9) Good writing is good writing, genre notwithstanding

The academy is broken as it relates to many creative writing programs. They have no concept that the world has changed, that publishing has changed, that filmmaking has changed, and if you’re not constantly looking at your education model and adjusting for the change, you’ll find yourself teaching antiquity. Like all of these programs that won’t accept students who are writing genre fiction – what an institutional ego! My god, people are selling their work and people are reading it! The horror! That MFA programs have to advertise that they’ll let you write YA or fantasy or what-have-you is just absurd, but we do, because the presumption is that they’re closed to that sort of thing. You’re offering an MFA in creative writing? Teach people how to write well, worry about that part, let the writers come up with the stories.
–Tod Goldberg, The Rumpus interview, September 7, 2014

10) Highly plotted novels plumb common fears in a game-like format

When I think of highly plotted novels I think of detective fiction or mystery fiction, the kind of work that always produces a few dead bodies. But these bodies are basically plot points, not worked-out characters. The book’s plot either moves inexorably toward a dead body or flows directly from it, and the more artificial the situation the better. Readers can play off their fears by encountering the death experience in a superficial way. A mystery novel localizes the awesome force of the real death outside the book, winds it tightly in a plot, makes it less fearful by containing it in a kind of game format.
–Don DeLillo, Paris Review interview (1993)

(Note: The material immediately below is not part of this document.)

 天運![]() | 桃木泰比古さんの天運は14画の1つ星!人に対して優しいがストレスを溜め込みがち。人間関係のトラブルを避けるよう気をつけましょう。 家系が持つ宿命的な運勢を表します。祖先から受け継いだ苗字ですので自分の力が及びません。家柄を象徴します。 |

11) Commercial fiction has always been revered and popular

I don’t like this so called highbrow versus commercial dichotomy because I feel it isolates both camps in an area that I’m guessing no one particularly wants to be in. Who wants to be “high brow”, and I put that term in quotes, and unappreciated, and who wants to be “commercial” and “unserious”? And again, I can’t help looking back to the 19th century to someone like Dickens or George Elliot or Zola. These were writers who were revered, widely consumed, and yet they were writing great work by any standards. I don’t see any reason why there has to be an opposition there. I don’t like it and I don’t think it serves any of us very well, either as producers of creative work or as consumers of it.
–Jennifer Egan, PopMatters interview, February 20, 2012

12) Popular fiction offers respite from news headlines

The absence of sustained interest in Kansas in the substance of the evolution issue is featured in a story of August 6, 1925 in the Emporia Gazette. Miss Nora Daniel, the city librarian of Emporia, had reported that she thought the public interest was aroused by the trial at Dayton. However, the standard works in the public library such as Darwin, Huxley, Spencer, and others had maintained only normal circulation. The Gazette reported that Miss Daniel was a conscientious librarian, and proud of the title of Emporia as the “Athens of Kansas,” but finally “she broke down and confessed” that the six Edgar Rice Burroughs books on Tarzan had been out continuously since the opening of the Dayton fuss, and had maintained the largest waiting list of any books in the library. The editor hated to think of Emporia as a “low-brow town after thirty years of loving thought and earnest prayer,” but facts were facts, and the rush for Tarzan was one of those blows that “almost killed father.” It seems evident from the above that journalists of the time and protagonists in the quarrel overplayed the implications of the monkey trial as a barometer of the religious climate of the 1920’s.
–Raymond L Flory, McPherson at Fifty: A Kansas Community in the 1920s (1970)

13) Genre fiction can evoke a uniquely visceral reaction

I have no quarrel with literary fiction, which usually concerns itself with extraordinary people in ordinary situations, but as both a reader and a writer I’m more interested by ordinary people in extraordinary situations. I want to provoke an emotional, even visceral reaction in my readers. Making them think as they read is not my deal. I put that in italics because if the tale is good enough and the characters vivid enough, thinking will supplant emotion when the take has been told and the book set aside (sometimes with relief).